Welcome to Faranism PR


Photo by: Niuton May

Good day,
Welcome to Faraism PR. My name is Mikaela Farasyn. I have never made a blog, wrote for a blog or kept a blog until now. I am excited to finally try it because this is an opportunity for me to express my work interests at the same time allow me to express myself. So I am going to dive head first into it.I love PR..specifically nonprofit PR.

It’s a passion of mine that was cultivated when I was a senior year in high school. When I was 14, I was diagnosed with Juvenile Rheumatoid Arthritis, a form of childhood arthritis. I stayed optimistic through it by using dance as my therapy. I continued my asserted optimistic character and was recognized for it in 2010. I was the Grand Marshal for the Bend Jingle Bell Run/Walk for Arthritis, raising awareness and being an example that children and teenagers can be diagnosed with arthritis too. Then as a high school senior, I joined the public relations committee for the event. I helped manage the social media sites and acted as a primary spokesperson for the event. It was covered by the Bend Bulletin and had a record number of participants. It entered me into the world of PR.

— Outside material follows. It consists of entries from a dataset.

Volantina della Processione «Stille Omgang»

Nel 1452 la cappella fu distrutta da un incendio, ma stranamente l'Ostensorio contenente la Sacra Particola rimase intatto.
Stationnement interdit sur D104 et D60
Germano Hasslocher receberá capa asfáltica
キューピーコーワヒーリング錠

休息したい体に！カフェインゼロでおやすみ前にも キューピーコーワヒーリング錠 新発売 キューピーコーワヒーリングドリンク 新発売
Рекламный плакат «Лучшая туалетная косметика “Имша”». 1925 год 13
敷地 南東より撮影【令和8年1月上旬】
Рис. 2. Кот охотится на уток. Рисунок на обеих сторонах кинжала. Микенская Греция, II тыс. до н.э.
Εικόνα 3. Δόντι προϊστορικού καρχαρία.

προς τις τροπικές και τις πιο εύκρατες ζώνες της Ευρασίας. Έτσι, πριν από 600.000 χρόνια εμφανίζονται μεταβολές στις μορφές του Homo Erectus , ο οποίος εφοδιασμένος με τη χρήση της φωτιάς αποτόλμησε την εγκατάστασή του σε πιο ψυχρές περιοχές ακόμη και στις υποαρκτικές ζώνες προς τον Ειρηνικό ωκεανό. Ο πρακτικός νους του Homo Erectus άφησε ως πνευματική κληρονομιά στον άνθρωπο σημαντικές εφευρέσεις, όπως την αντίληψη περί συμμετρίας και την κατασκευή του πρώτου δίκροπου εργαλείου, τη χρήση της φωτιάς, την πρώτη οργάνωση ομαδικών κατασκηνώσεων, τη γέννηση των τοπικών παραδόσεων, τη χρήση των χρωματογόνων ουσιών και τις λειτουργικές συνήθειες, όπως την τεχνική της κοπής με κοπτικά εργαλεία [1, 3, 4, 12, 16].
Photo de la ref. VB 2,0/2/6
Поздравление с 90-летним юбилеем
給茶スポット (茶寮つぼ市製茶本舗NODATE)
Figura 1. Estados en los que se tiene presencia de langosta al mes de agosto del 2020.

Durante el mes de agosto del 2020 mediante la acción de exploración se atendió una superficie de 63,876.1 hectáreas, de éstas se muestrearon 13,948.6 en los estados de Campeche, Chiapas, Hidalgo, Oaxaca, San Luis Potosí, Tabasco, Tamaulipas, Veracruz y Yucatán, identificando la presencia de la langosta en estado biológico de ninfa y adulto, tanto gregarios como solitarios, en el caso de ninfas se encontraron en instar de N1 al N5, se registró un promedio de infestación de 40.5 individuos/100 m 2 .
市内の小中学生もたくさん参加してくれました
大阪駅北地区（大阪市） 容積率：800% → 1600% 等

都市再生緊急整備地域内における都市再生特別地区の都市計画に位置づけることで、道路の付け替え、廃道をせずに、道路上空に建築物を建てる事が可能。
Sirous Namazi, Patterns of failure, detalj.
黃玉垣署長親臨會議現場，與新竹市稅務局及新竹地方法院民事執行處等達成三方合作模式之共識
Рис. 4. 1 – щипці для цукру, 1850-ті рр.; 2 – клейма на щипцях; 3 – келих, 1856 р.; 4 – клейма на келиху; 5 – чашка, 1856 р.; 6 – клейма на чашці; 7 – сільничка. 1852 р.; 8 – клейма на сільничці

If you look at my resume right now, it’s almost all nonprofit PR work. Although recently, I have decided to dabble in other subjects of PR such as food and beverage, sports, entertainment, and lifestyle. This blog is my opportunity learn and grow in a different area of PR. On this blog, I want to talk about a subject that we can all learn from – feminism, female empowerment, and women in PR.  The blog PR in your Pajamas has inspired me to dive into this subject. I became interested in this subject through obvious reasons being I am a woman in the workforce. It is a subject that is spoken passionately about in our generation but not specifically in PR. For the next ten weeks, I will be exploring this subject and learning along the way about women power roles in the PR industry. I want to dedicate a blog to women in the PR Industry.

What can you learn from this blog? The PR Industry is dominated by women. Anywhere from 60 to 85 percent of PR workers are women and they hold half of the field’s managerial positions according to the Bureau of Labor Statistics. The PR industry is leading the way to equality, as an empowering career for women. The premise of this blog will be centered around promoting and being a place for women in the PR Industry.

Faranism Public Relations comes from my last name, plus feminism, plus PR – the three things that will make up this blog. I am excited to explore this subject and have the opportunity to talk about it along the way.

So here it is – Faranism Public Relations. Cheers to women in PR!